I have absolutely no idea anymore…

Thanks in advance!

kevinadi · March 22, 2023, 2:05am

Hi @wrzr123

I don’t see anything wrong with the mongostat output. In fact, it shows an idle server doing nothing: zero inserts, queries, and updates. It’s also only uses 41.5% of the allocated WT cache.

When you said “slow”, could you give further details on what you’re seeing? Some pointers:

What’s the mongod logs showing during these slow times? Is it still saying serverStatus was very slow and nothing else?
Is this running on a container/virtualization, or is it directly on the hardware? Also, is this on a cloud provider like AWS?
Are you running a standalone, a replica set, or sharded cluster?

To be perfectly honest, I don’t see a specific MongoDB issue here yet. Perhaps it’s something about the hardware or the deployment?

Just an idea, if you’re running on AWS, you might be running into a burstable performance limit and are being throttled. Note that the burst involve CPU and disk (separately, I believe), so either could be a cause.

Best regards
Kevin

Kobe_W · March 22, 2023, 3:37am

Honestly, i wouldn’t personally suggest spend too much time looking into this “serverStatus slow” if that’s the only thing you observed. I mean, if all other service level metrics look good (e.g. CPU/memory/disk/latency…), why bother.

wrzr123 · March 22, 2023, 9:16am

Thanks a lot again to both of you for your replies!

@Kobe_W
I don’t bother about the log line itself, my problem is, that my application which is using the MongoDB is responding very slow. That’s why I started investigating at all.

In general, there is very low traffic on the application, but when there is, it’s responding most of the time very slow. I turned on the system profle (that was my first measure) to investigate about long running queries. And there are a lot of long running queries, which shouldn’t be that slow.
For example there was an insert operation, which took 21 (!!) seconds. There is nothing special about the operation, the same insert operation usually takes only a few milliseconds. When I look at the details, I can see it’s spending basically all the 21 seconds waiting for the schema lock.
The same applies for queries and commands. Here there is no specific hint about locks, but queries which perform very fast on my development machine take forever on the server (with the same amount of data in my local MongoDB).

@kevinadi
Regarding your points:

Usually, the logs show the message “Slow query” a couple of times around the “serverStatus was very slow” logs. But these “slow queries” are all kind of normal queries, even the server status query itself.
My server is a Ubuntu VM, hosted by the German web hosting service Strato. So it’s not running on bare metal
I’m running the MongoDB communtiy edition as standalone.
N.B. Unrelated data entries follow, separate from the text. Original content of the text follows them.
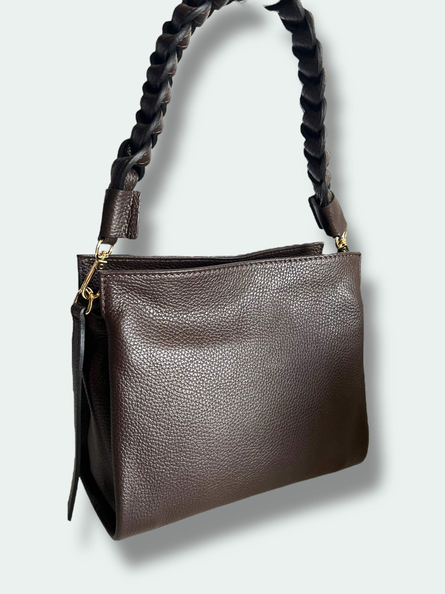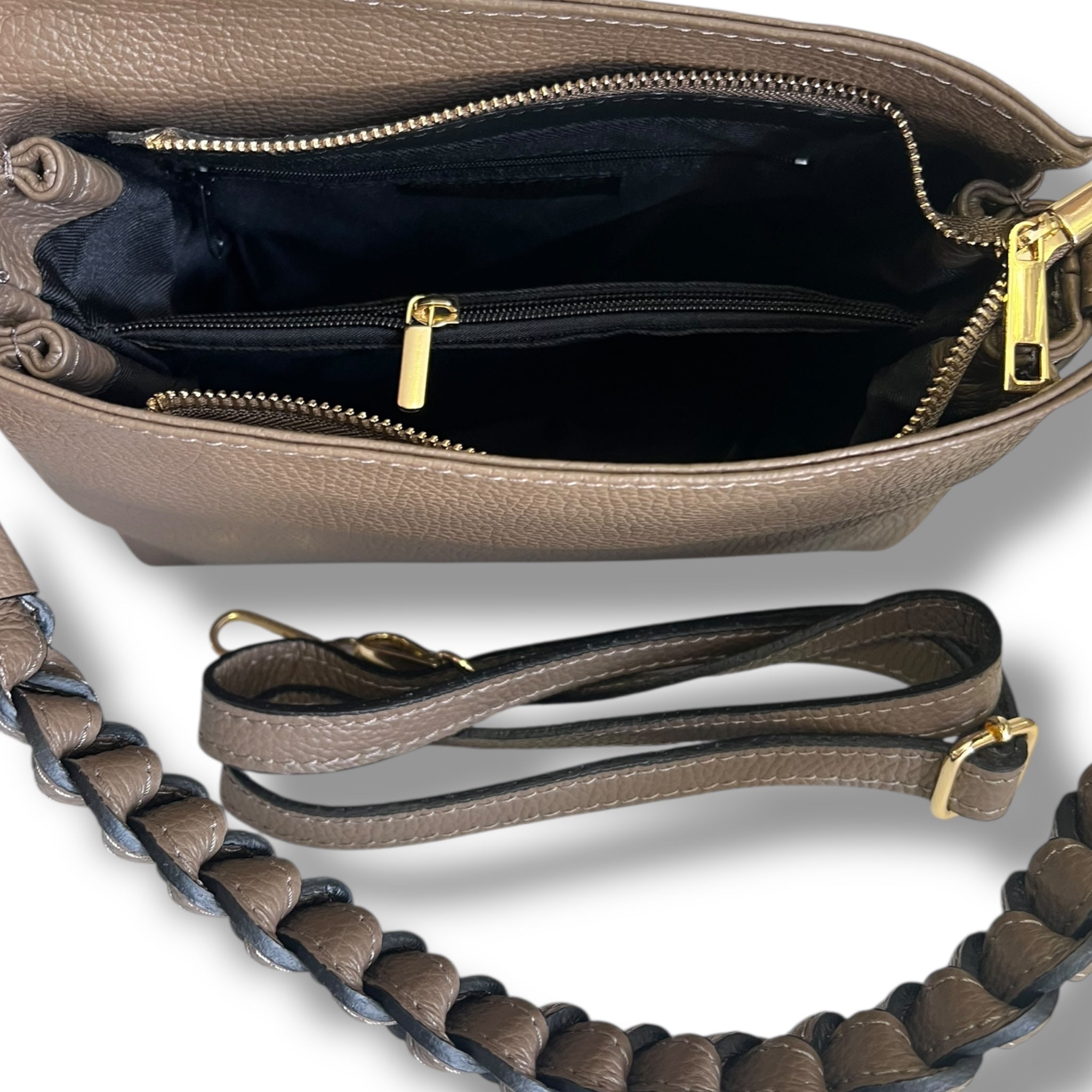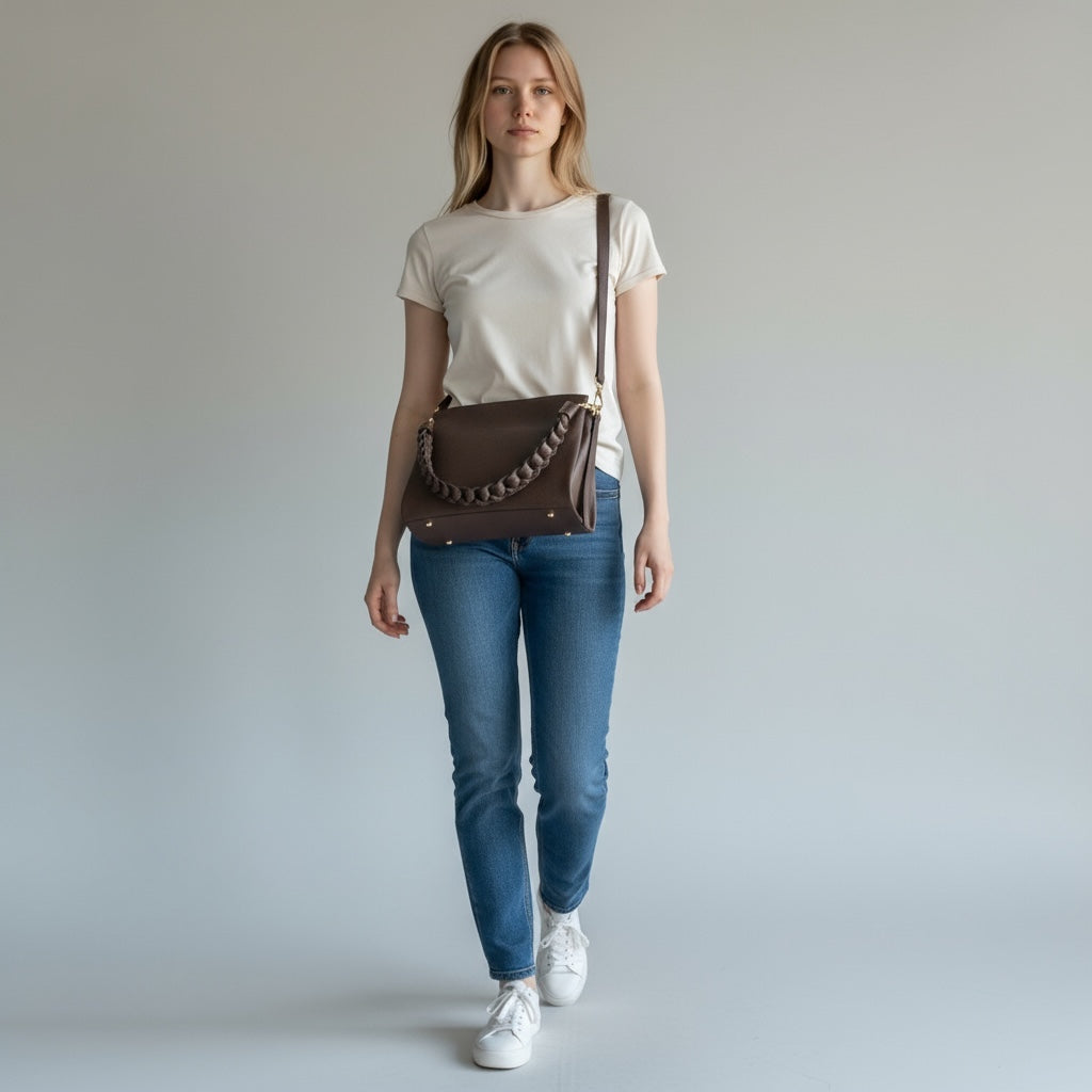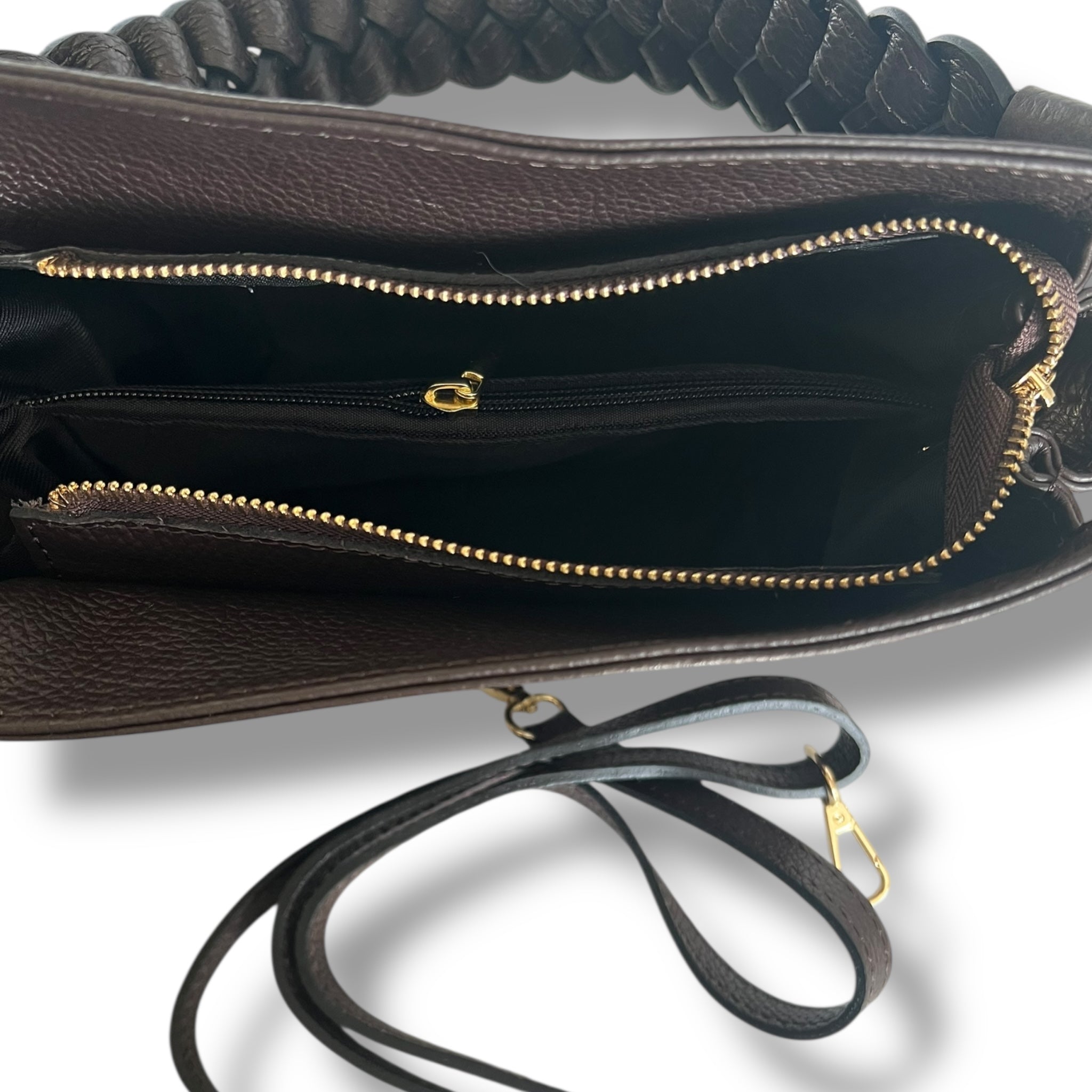 Una borsa elegante e di alta qualità, perfetta per aggiungere un tocco di stile a qualsiasi look. Realizzata in pelle pregiata e con un manico intrecciato a mano, questa borsa è fatta in Italia per garantire la massima qualità. Con doppioscomparto interno con cerniera e una chiusura a cerniera, è anche dotata di una tracolla per una maggiore versatilità.
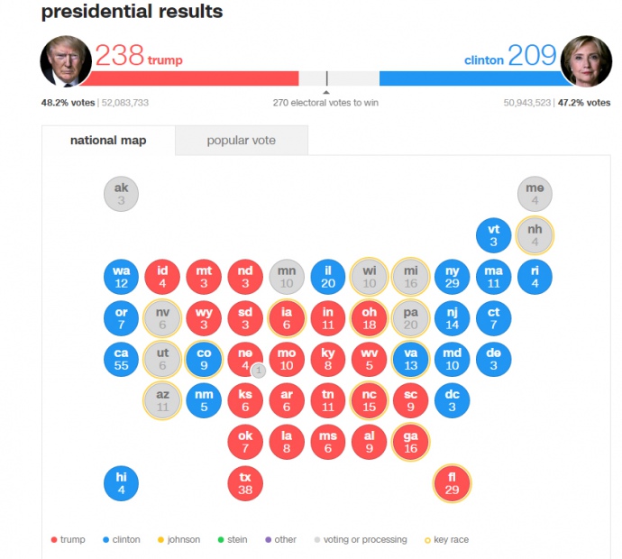 Так, за него отдали голоса 238 выборщиков при необходимых 270.
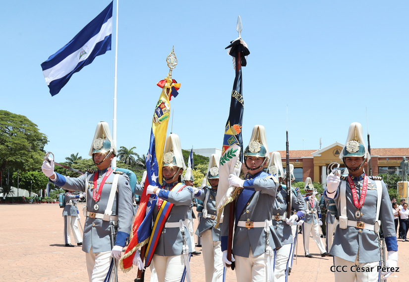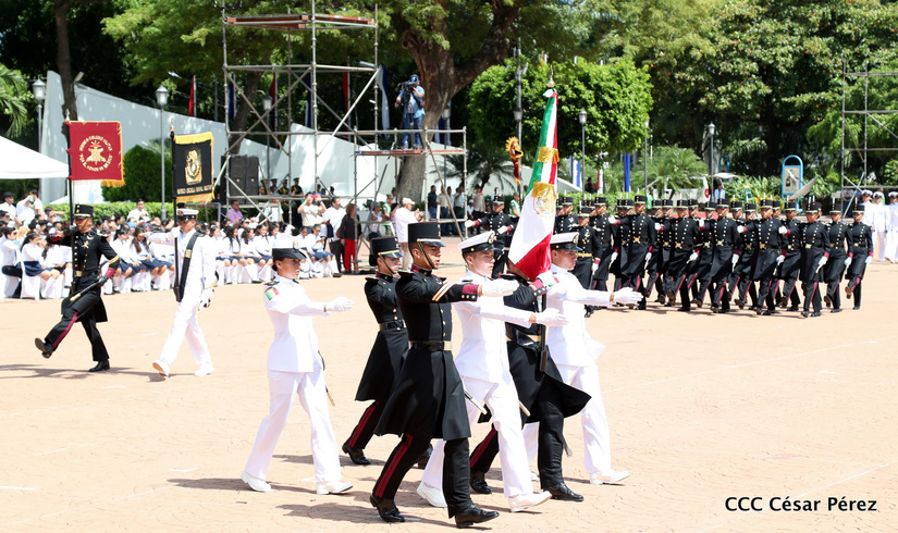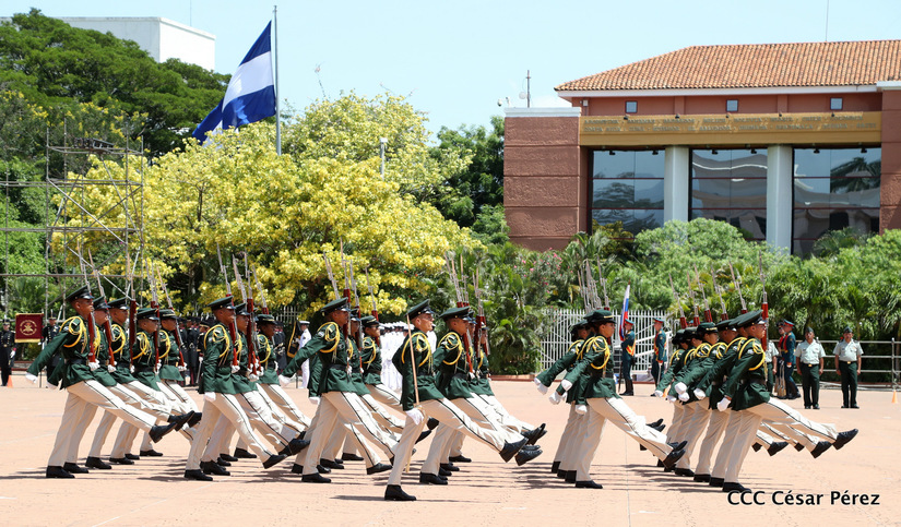 Representantes de academias y fuerzas armadas de países como Taiwán, México, Rusia, Guatemala, Honduras y Venezuela, realizaron una exhibición de movimientos de fantasía en la Plaza de la Revolución, como parte de las celebraciones del 40 aniversario de constitución del Ejército de Nicaragua.
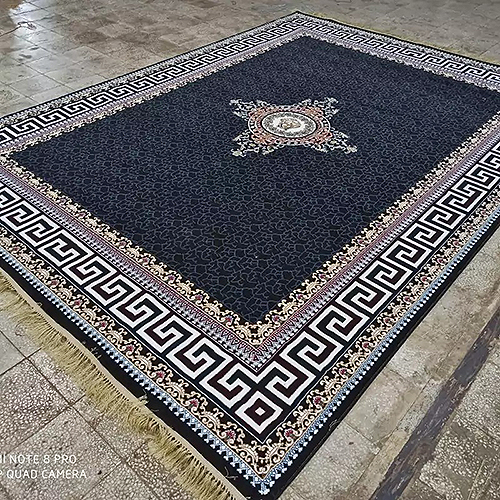فرش ماشینی بافت رخ 440 شانه طرح ورساچه زمینه مشکی (غیربرجسته)
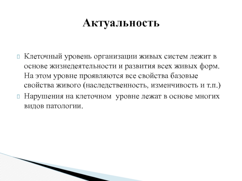 базовые свойства живого (наследственность, изменчивость и т.п.)Нарушения на клеточном уровне лежат в основе многих видов патологии.
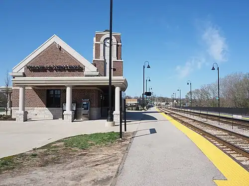 New Lenox is a commuter train station along Metra's Rock Island District line in New Lenox, a southern suburb of Chicago, Illinois. The station is officially located on 300 North Church Street, and lies 34.0 miles (54.7 km) away from LaSalle Street Station, the northern terminus of the line,[2] however parking is available between Church Street and far northeast of Haven Avenue. It is also the penultimate station along the RID line before reaching the end of the line at Joliet Transportation Center. In Metra's fare-based system, New Lenox station is in zone 4. As of 2018, New Lenox is the 49th busiest of Metra's 236 non-downtown stations, with an average of 1,046 weekday boardings.[1]
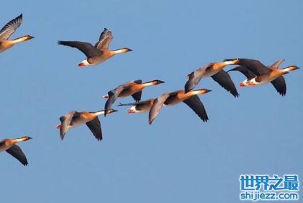 大雁是天鹅类大型候鸟,它们会六只组成一个雁队,或以6的倍数的数量组成一个雁队。它们会在飞行时通过热情的性情来给同伴鼓舞,或者利用叫声鼓励疲惫的同行同伴,它们在飞行过程中排成的人字形或一字型也是有道理的,这样有利于防御敌害。
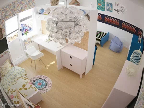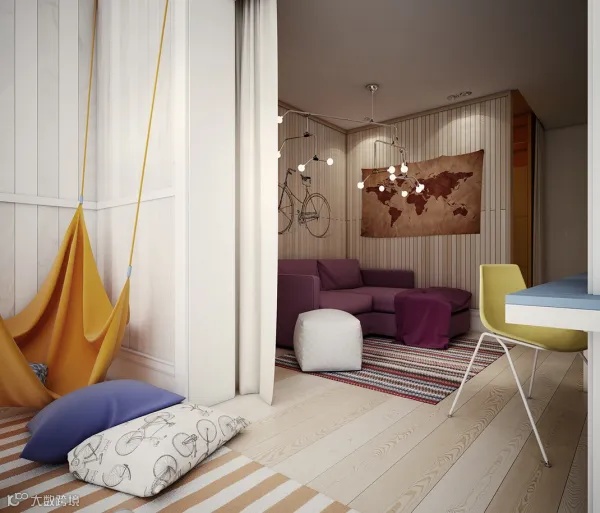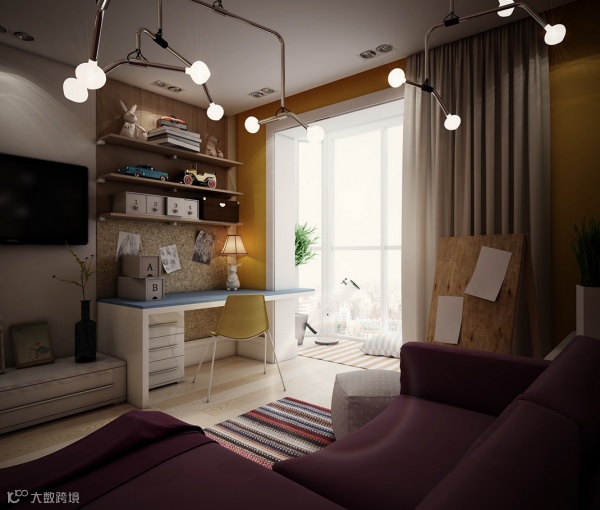 2 | 第二个房间也许会最适合一个更年长的女孩,出自设计师Masha Gluzdakova。这个足够大的空间给姐姐有了一定的自由空间。
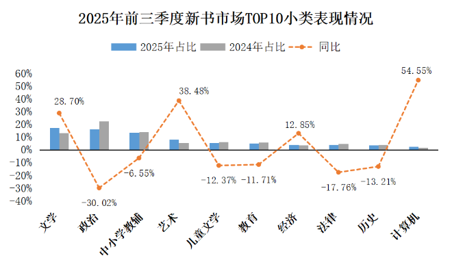 2025年前三季度,圖書市場各大類圖書仍然呈現下降趨勢,且除文藝類、經管類外,其余品類降幅均有所擴大。其中,文藝類降幅較上半年略有所收窄,主要是得益于部分新品如《啟示路》、《盜墓筆記(長白山紀念版)》的熱銷拉動。
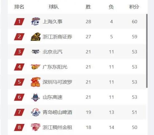 CBA最新排名,上海第1,廣廈第2,4支球隊(duì)競爭常規(guī)賽前四
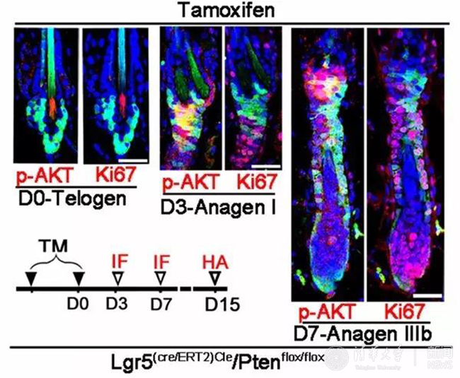 皮肤干细胞具有再生毛囊等表皮附属器官的潜力,然而它们受损而失去时却往往不能被再生。因此,人们关注皮肤受到损伤时皮肤干细胞是如何反应的。本研究揭示,皮肤损伤时巨噬细胞分泌一种称为TNF的因子,它通过介导Akt/β链蛋白信号,激活Lgr5+毛囊干细胞;人为激活Akt/(β链蛋白)信号能够促进毛囊再生。本研究为研究促进毛囊和皮肤再生的方法奠定了基础。
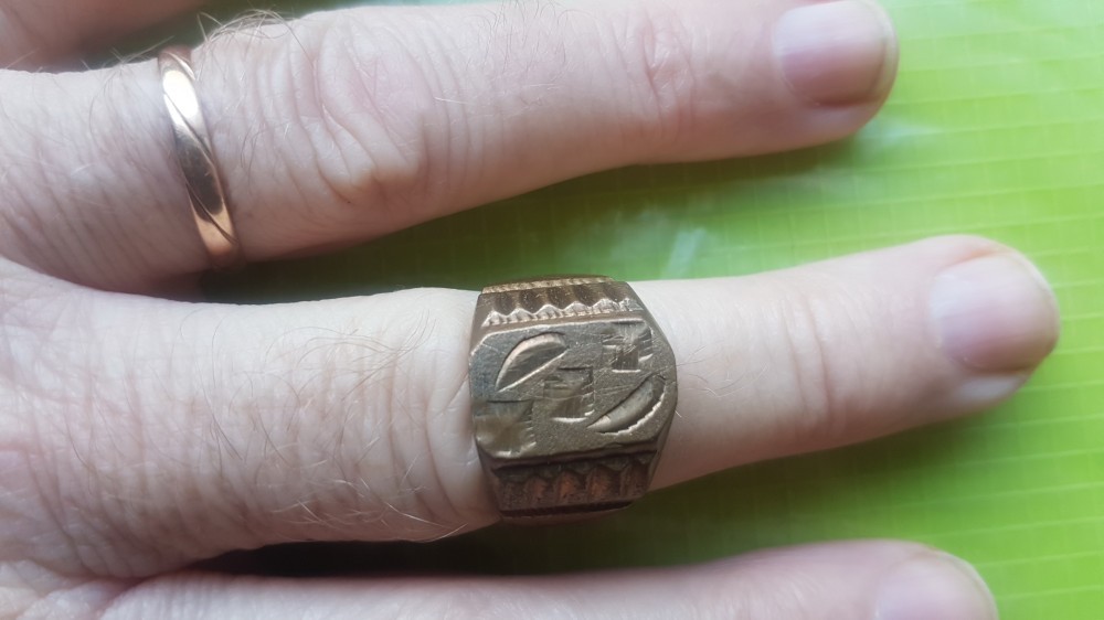 E137-Inel bronz masiv vechi STARE BUNA. Latime 13
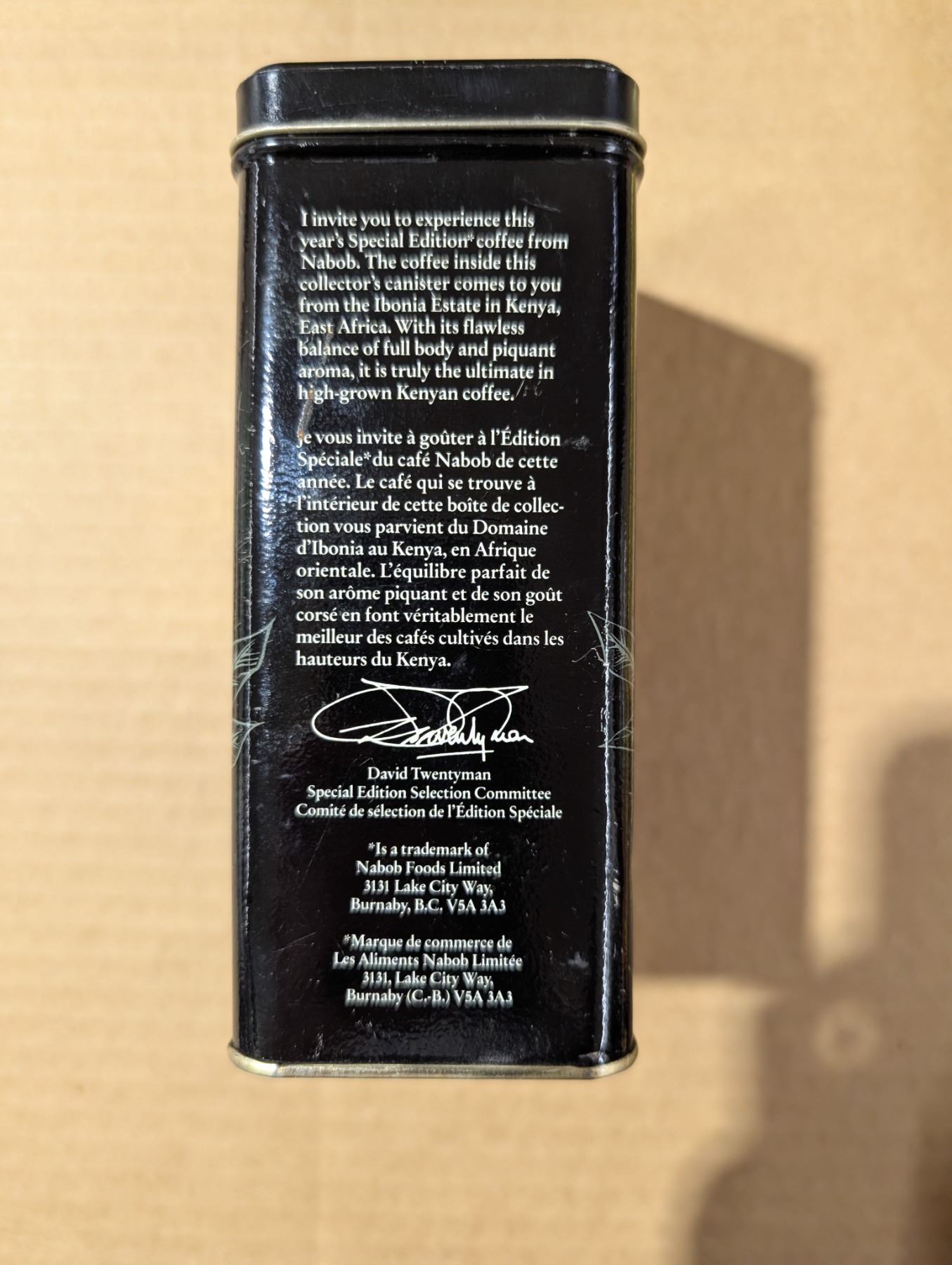 Special Edition NABOB Kenya Ibonia Estate Tin w/ Spare Tin

I totally agree that it’s probably not a bug in MongoDB, but an issue with the deployment. The only other things running on the server are 3 dotnet core microservices which belong to the application (those services are querying the database) and an apache2 webserver.
I know that in an optimal deployment the database should run on a dedicated server whith nothing else running on it, but I’ve seen this kind of deployment a few times for bigger testing environments, and we never faced issue like that.